> _WORK ITEM_:
Nothing should appear in the answer except the lines below from the line containing "Wat ik merk" through the line containing "EIGRP y OSPF", copied exactly, with pictures left out.

> _RECORDS SUPPLIED_:
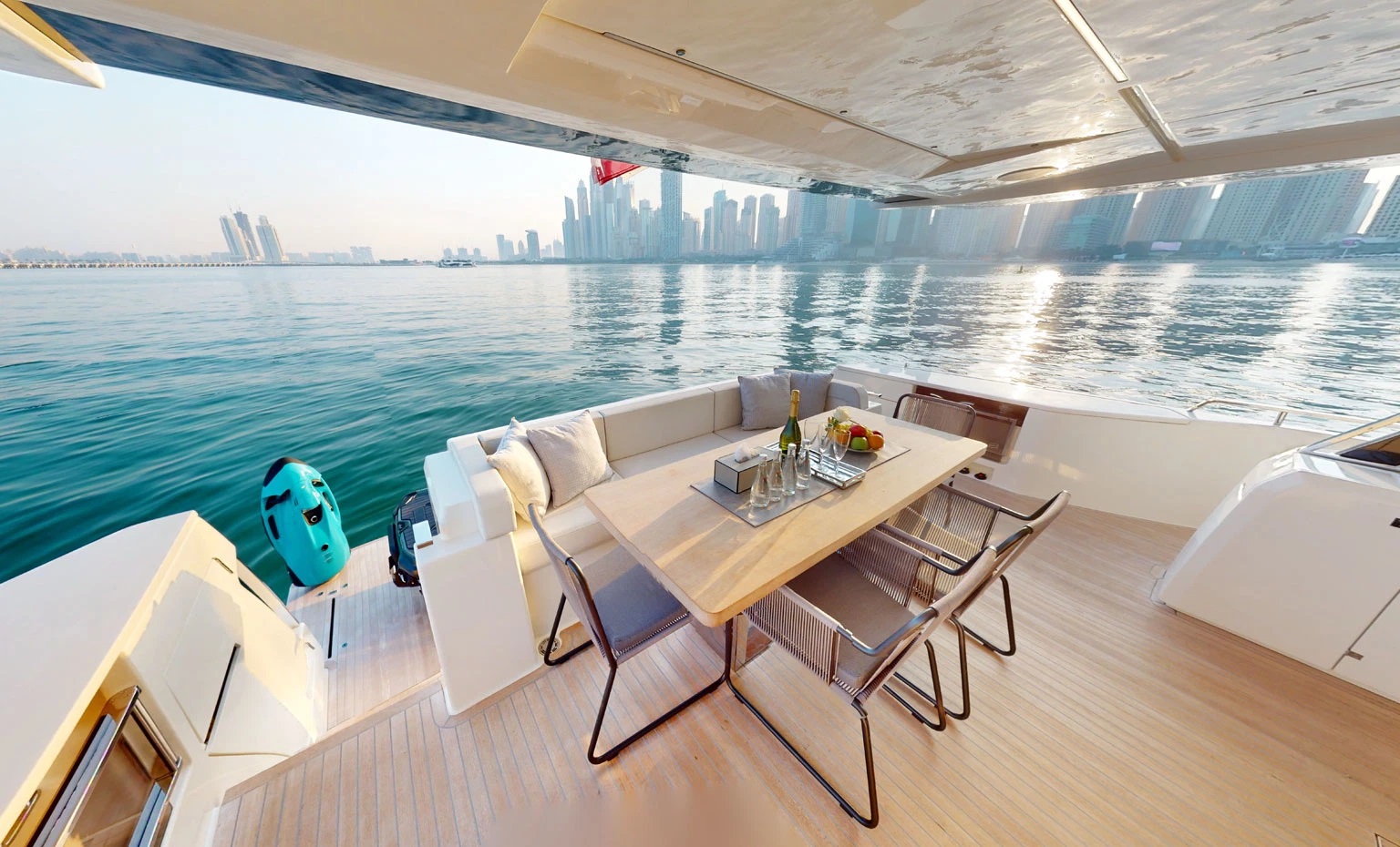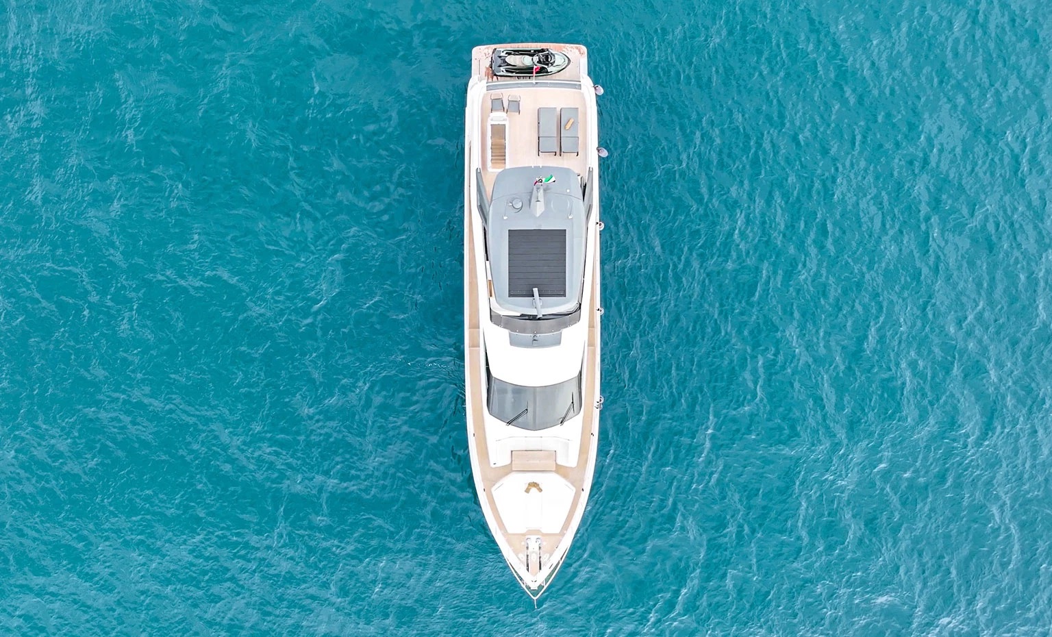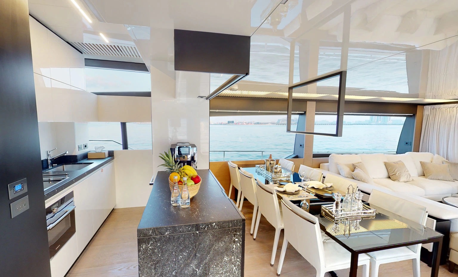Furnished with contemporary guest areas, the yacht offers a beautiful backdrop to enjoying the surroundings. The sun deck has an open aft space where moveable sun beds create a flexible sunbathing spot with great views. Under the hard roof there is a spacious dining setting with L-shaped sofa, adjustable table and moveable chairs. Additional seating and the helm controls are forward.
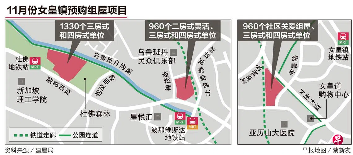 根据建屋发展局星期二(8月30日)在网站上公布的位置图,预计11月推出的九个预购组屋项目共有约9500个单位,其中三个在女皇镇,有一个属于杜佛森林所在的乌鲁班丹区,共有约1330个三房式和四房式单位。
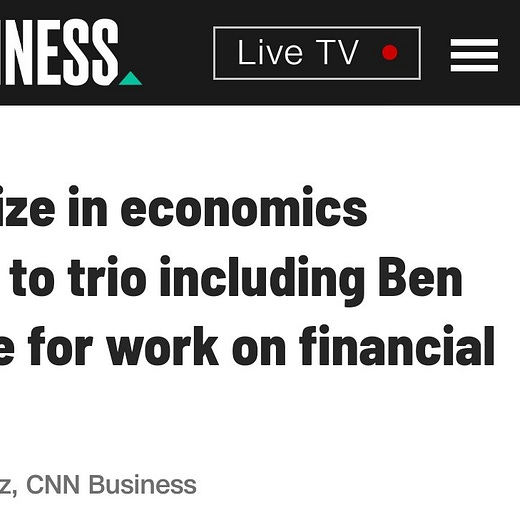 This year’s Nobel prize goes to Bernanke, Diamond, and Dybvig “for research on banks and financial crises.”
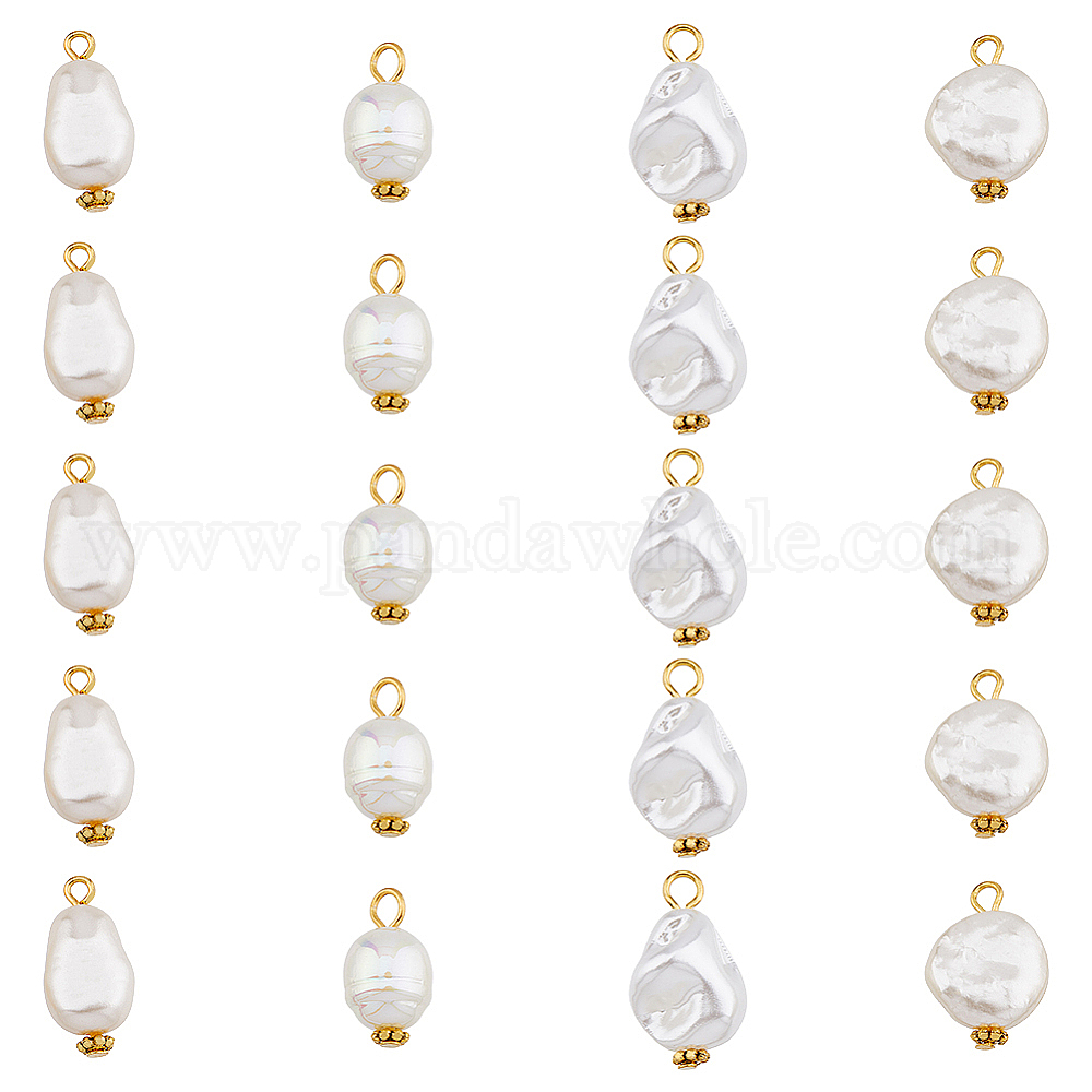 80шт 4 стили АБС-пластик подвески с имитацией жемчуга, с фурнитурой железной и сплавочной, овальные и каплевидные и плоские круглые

---

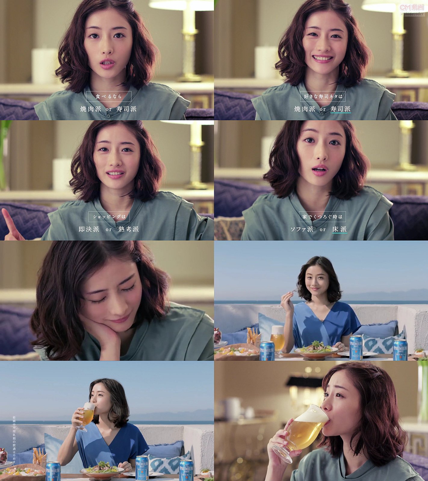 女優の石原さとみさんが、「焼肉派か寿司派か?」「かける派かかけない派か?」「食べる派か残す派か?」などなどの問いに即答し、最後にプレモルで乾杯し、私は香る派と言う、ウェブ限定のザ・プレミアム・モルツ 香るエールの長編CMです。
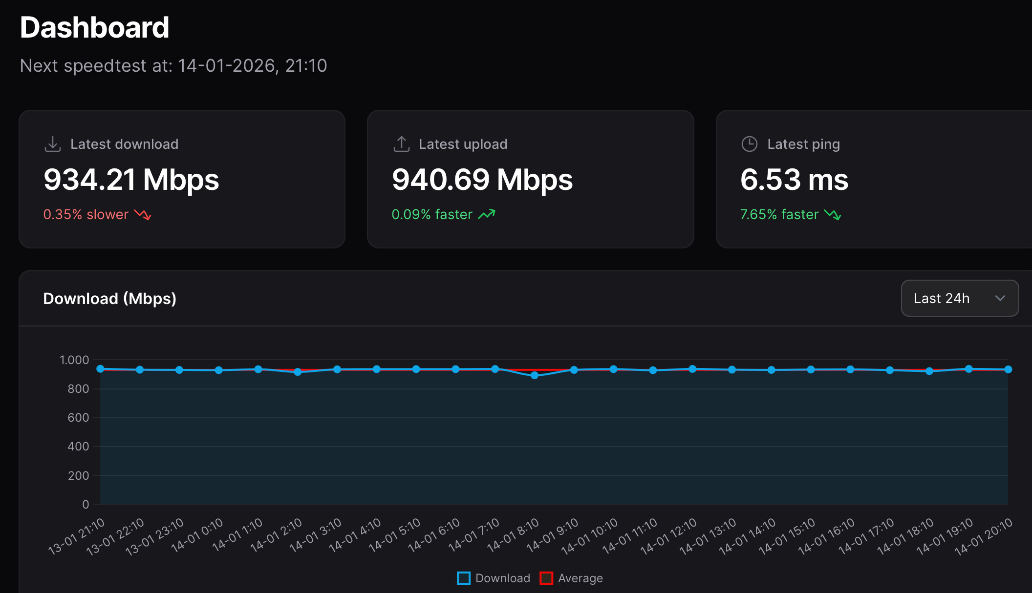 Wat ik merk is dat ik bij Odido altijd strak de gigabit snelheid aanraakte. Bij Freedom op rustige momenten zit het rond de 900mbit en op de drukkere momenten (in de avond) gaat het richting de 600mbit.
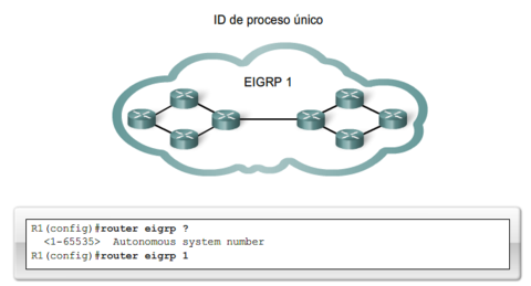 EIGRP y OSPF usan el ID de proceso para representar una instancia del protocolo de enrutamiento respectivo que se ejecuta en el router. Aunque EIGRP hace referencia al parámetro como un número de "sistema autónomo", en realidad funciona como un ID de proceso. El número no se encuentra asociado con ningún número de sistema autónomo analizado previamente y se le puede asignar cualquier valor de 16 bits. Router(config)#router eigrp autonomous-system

* * *

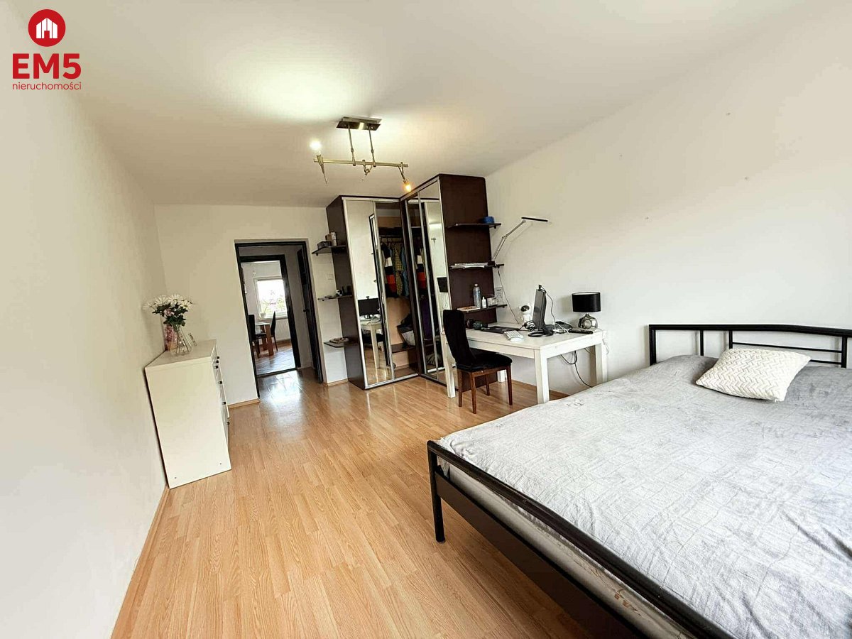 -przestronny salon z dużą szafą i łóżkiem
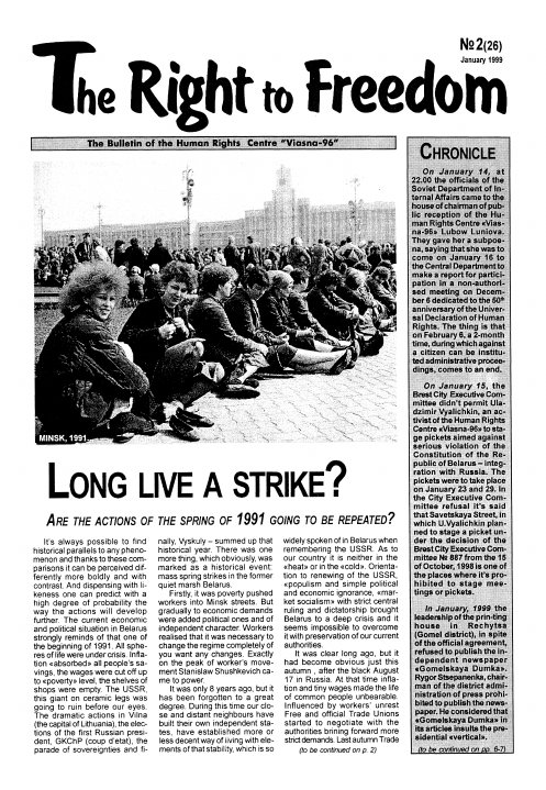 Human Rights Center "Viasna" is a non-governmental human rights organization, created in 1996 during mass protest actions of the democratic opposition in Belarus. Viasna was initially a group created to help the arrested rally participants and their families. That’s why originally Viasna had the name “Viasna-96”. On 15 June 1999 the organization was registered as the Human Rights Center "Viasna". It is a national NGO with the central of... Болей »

> _ANSWER_:
 Wat ik merk is dat ik bij Odido altijd strak de gigabit snelheid aanraakte. Bij Freedom op rustige momenten zit het rond de 900mbit en op de drukkere momenten (in de avond) gaat het richting de 600mbit.
 EIGRP y OSPF usan el ID de proceso para representar una instancia del protocolo de enrutamiento respectivo que se ejecuta en el router. Aunque EIGRP hace referencia al parámetro como un número de "sistema autónomo", en realidad funciona como un ID de proceso. El número no se encuentra asociado con ningún número de sistema autónomo analizado previamente y se le puede asignar cualquier valor de 16 bits. Router(config)#router eigrp autonomous-system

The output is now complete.